7. For some reason I remembered today something once said by my late high-school basketball coach Robert Barnhart (1935-2017) back in the late 1950s. Link to his obituary.

SITUATION: He'd made a mistake about something.

COACH: That's only the second mistake I ever made.

US: What was the first one?

COACH: One time when I thought I was wrong.

8. Wonderful lunch in Kent last week with Joyce and Eileen Kutinsky--the much-beloved "Mrs. K." When I began teaching at the old Aurora Middle School in the fall of 1966, she was already on the faculty, teaching sixth grade science. I recognized right away that she was a Wonder. And throughout our years together she proved an inspiration, an amazing friend. She taught me to "loosen up" with kids, to enjoy my job, my time with the youngsters. She showed me how you can be imaginative in the classroom, how "fun" and "education" are not at all two discrete things.



(Oh, and I also had the privilege of teaching all three of her sons: David, Ron, John.)

She is now 90-ish and still working her family farm--the place where she grew up--down near Atwater, Ohio.

Sharp as a tack, funny, compassionate, kind--these are traits she's always had, traits that have endured.

9. At the Hudson Library and Historical Society this week we got to see/hear novelist Stephen Markley, whose book Ohio: A Novel caused quite a splash last fall (which is when I read it).
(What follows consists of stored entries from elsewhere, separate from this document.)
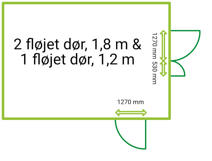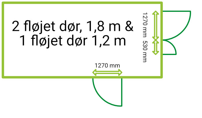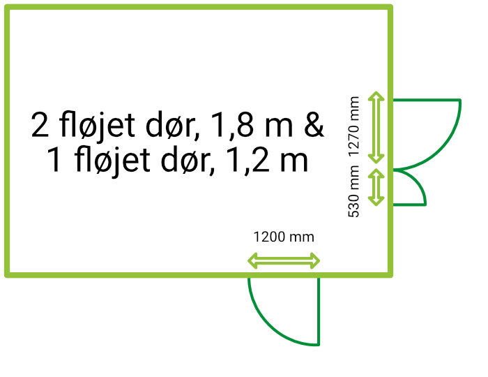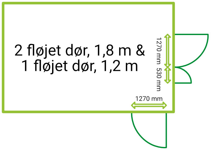 2 fløjet dør, ca 2,8 m bredde + 1 fløjet dør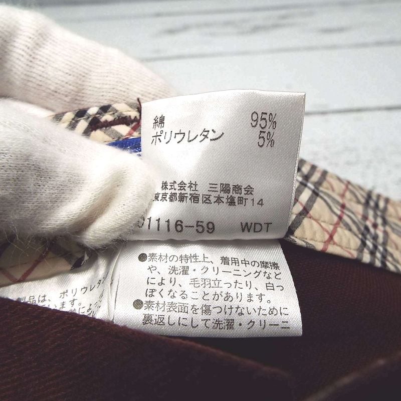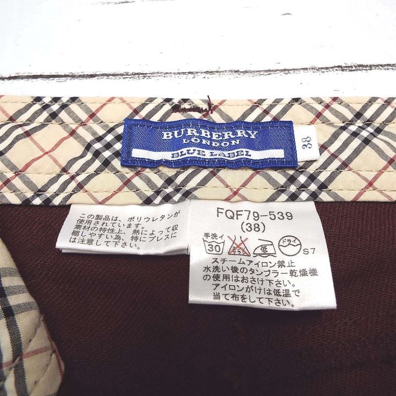 【ノバチェック柄入り】BURBERRY BLUE LABEL(バーバリー ブルーレーベル)4ポケット スリム ストレッチ パンツ(ボトムス)サイズ38(ウエスト79cm)ワインレッド コットン・ポリウレタン混紡【湘南倉庫】レディースブランド古着 三陽商会扱い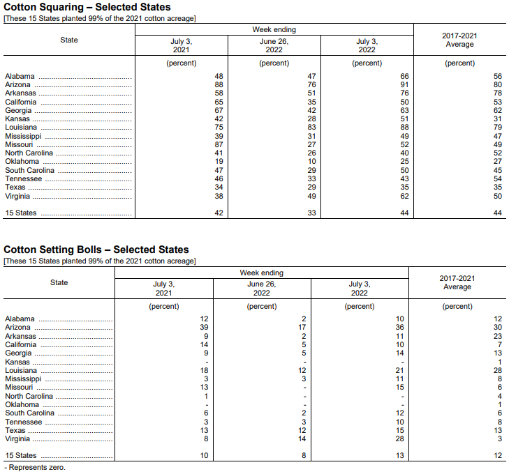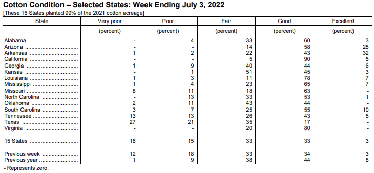 美國農業(yè)部7月5日發(fā)布的美國棉花生長報告顯示,截至7月3日當周,美棉現蕾率為44%,前周為33%,去年同期為42%,五年均值為44%。美棉結鈴率為13%,前周為8%,去年同期為10%,五年均值為12%,美棉生長優(yōu)良率為36%,前周為37%,去年同期為52%。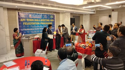 শিলিগুড়ি : শিলিগুড়িতে উত্তরবঙ্গ ক্ষেত্রীয় গ্রামীণ ব্যাংক ও পেনশন ফান্ড ডেলেটরি অথরিটির যৌথ উদোগে প্রধান মন্ত্রী অটল পেনশন যোজনার উপর একটি টাউন হল আলোচনা ও সম্বর্ধনা সভা আয়োজিত হল।

It tells the tale of a failing small rust-belt town in northern Ohio--and about the lives of several high school classmates who find themselves--not on purpose--back in town for various reasons. A principal issue: drugs and hopelessness. And the Past reigns over all; the Future seems dark.

His presentation involved a reading of the opening section (a stage-setter), then ... Q&A. Just before he finished, I sneaked out to the signing area, where--as is my wont!--I was Number One in Line to Get My Book Signed.

10. Last Word: a word I liked this week from my various online word-of-the-day providers:

     - I love this one from the Oxford English Dictionary ...

tarzy, n. Chiefly in Middlesbrough: a makeshift rope swing across a river or stream, typically suspended from a tree. Cf. Tarzan swing n. at Tarzan
Pronunciation: Brit. /ˈtɑːzi/,  U.S. /ˈtɑrzi/
Forms:  20– tarzee,   20– tarzey,   20– tarzie,   20– tarzy.
Origin: From a proper name, combined with an English element. Etymons: proper name Tarzan, -y
Etymology: <  tarz- (in the name of Tarzan: see Tarzan n.) + -y suffix6.
Compare the following earlier example of tarzy swing, apparently denoting an act of swinging hand by hand from tree to tree like Tarzan:
1984  S. Unwin Deep Joy  iii. 23 Along the top of the mound were sycamore trees which we climbed from time to time, crossing from tree to tree like a monkey,—rarely leaping, of course, but I had seen one chap do it like a tarzy-swing—it was considered a brave and expert thing to do.
2003 Evening Gaz. (Middlesbrough)  7 July 14/1 I took 'em out ter play some real games..—kerbie,..beck-jumpin', chicken. Only fell off a Tarzy didn'a, eh?.. What a doyle!
2005  A. Bissett Incredible Adam Spark  73 Mind jude that time i was swingin on tarzy that goes over the burn and i fell and landed on a rock and broke ma arm?
2015  A. Hulse Forever & Ever  xxiii. 144 ‘Billy, throw the tarzee!’.. Tony caught the rope expertly and swung across the river without looking back.